Susannah is a second year university student, carelessly indulging her confusions in a manner that readers of a certain age will quickly recognize. Watching her drift between her two lovers, her capacity to properly attend to matters is apparently questionable, except when it comes to her curriculum. She mulls over her western philosophers as frequently as she considers the benefits and weaknesses of her lovers, or her wardrobe, but with a little more care. Her moment of clarity is foreordained, of course: she becomes pregnant. Since the year is 1974, and the cultural revolution is only now trying to sort itself out, this moment carries a great deal of freight. Can her philosophers help her, or will they only add to her confusion?
I thought Susannah’s head was an agreeable place to be in for 270-odd pages. Charlotte Greig colors in a point of view that is blinkered, but which is generated by an intelligence that slowly gains the confidence it needs to get beyond the worst of its naiveties. Early in the book Susannah watches a male classmate come apart at the seams after taking Nietzsche just a little too seriously. By book’s end she speculates that western philosophy, with its awe inspiring edifices, might just suffer from being an all-male club: sure, Heidegger considered himself “thrown into the world,” but his mother probably had other thoughts on the matter.
If at first glance that reads like a frivolous tweak, closer inspection reveals some enlivening possibilities.

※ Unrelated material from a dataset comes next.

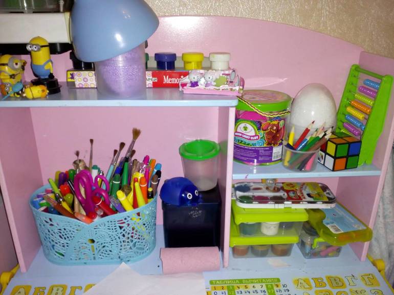 Книги спокойно стоят на полках, канцтовары - на парте и в парте (внутри - преимущественно раскраски / наклейки / обводилки / журналы / вырезалки / блокноты и тому подобное):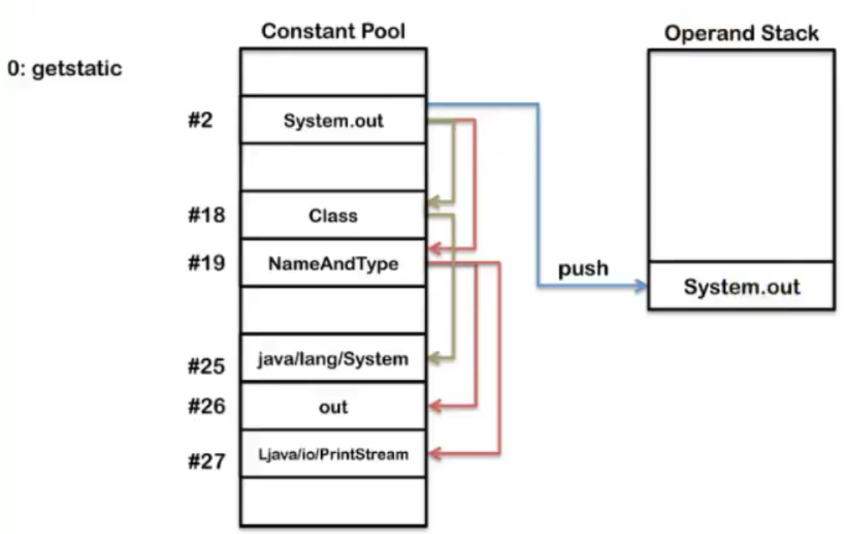 - 一个指令,可以从局部变量表、常量池、堆中对象、方法调用、系统调用中等取得数据,这些数据(可能是值,可能是对象的引用)被压入操作数栈。

Heidegger’s mother could well have been a voice worth listening to, but for better and for worse, the first generation of women to address the established western canon is the one that roughly came of age in the 60s and 70s. Susannah is it, in other words. Readers might disagree with Susannah’s application of Kierkegaard’s Fear & Trembling, but I thought it consistent and of a piece with her point of view, and, more to the point, an emotionally powerful conclusion to the story.
Finally, it’s worth pointing out that I read this book because of a public critic/author dust-up. I’ve got several scattered thoughts on the matter, which I’ll just lay out for consideration. First of all, now that I’ve read Greig’s novel it beggars the imagination how a guy like A.C. Grayling could put the book down then turn around twice and walk right into it with his chin. If his original review had been as thoughtful as his rejoinder to Greig’s riposte, he wouldn’t have made Greig’s own point so spectacularly.

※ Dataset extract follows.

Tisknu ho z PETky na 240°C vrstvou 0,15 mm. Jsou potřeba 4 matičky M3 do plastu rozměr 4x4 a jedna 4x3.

I think Greig’s objection was chiefly correct, and that Greig was considerably more level-headed when making it than some other authors have recently been. But is Grayling's advice that an author “never reply to negative reviews” essentially sound? In this instance, the truth is I wouldn’t have read Greig’s book if she hadn’t. Now it rests comfortably enough on the same shelf as Elaine Dundy, Jill Neville, Nick Hornby and Tom Perrotta. Make of that what you will.